*** Opening of Provided records ***

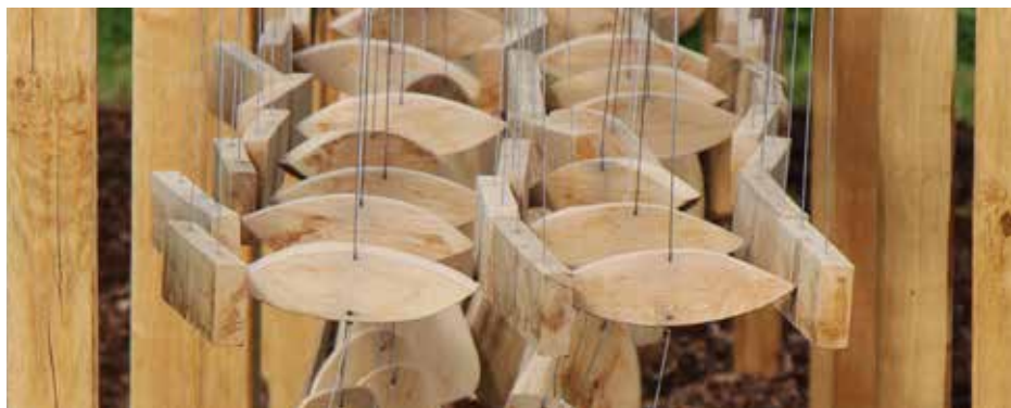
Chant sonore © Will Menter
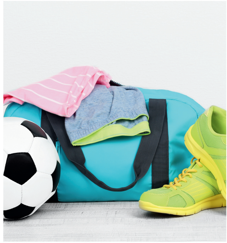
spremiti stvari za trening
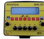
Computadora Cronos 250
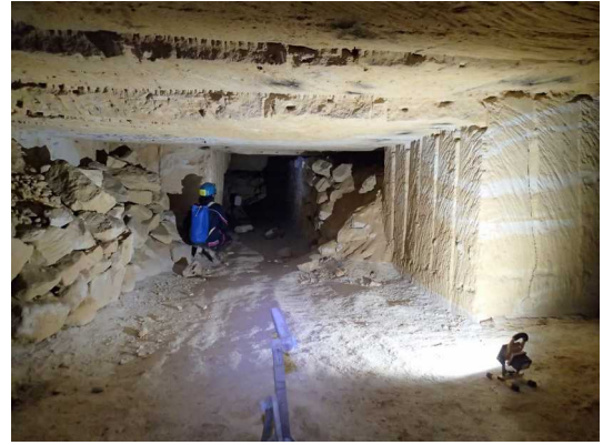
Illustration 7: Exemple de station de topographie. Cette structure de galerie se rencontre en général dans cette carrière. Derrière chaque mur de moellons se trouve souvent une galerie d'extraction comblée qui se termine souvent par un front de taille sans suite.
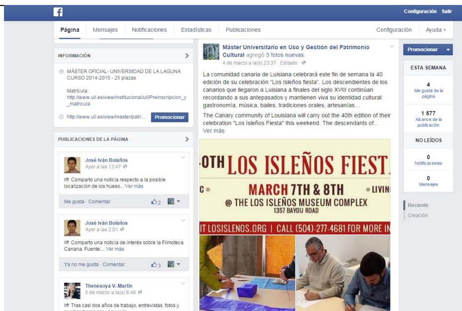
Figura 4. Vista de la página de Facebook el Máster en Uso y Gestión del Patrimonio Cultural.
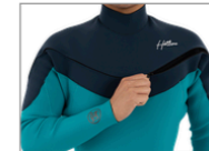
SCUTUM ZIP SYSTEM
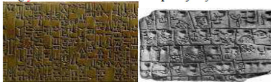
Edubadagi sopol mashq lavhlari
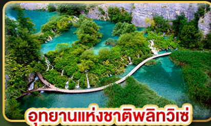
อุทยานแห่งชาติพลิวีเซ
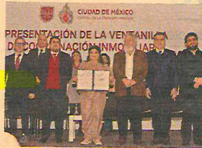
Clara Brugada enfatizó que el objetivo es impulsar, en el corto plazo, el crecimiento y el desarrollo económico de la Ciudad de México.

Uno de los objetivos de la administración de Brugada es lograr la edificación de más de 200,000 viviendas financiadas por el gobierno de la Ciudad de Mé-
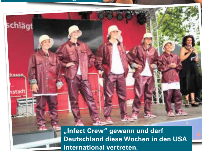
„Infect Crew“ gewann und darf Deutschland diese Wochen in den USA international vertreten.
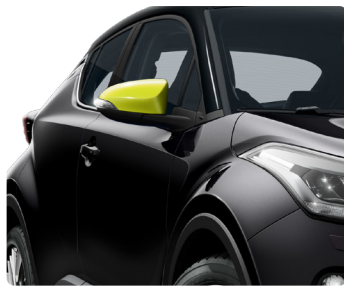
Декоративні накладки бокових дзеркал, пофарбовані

*** Close of Provided records ***

◆ What this task involves ◆
Gather up the lines containing the word "Brugada" from these records and copy them.

◆ Your solution ◆
Clara Brugada enfatizó que el objetivo es impulsar, en el corto plazo, el crecimiento y el desarrollo económico de la Ciudad de México.
Uno de los objetivos de la administración de Brugada es lograr la edificación de más de 200,000 viviendas financiadas por el gobierno de la Ciudad de Mé-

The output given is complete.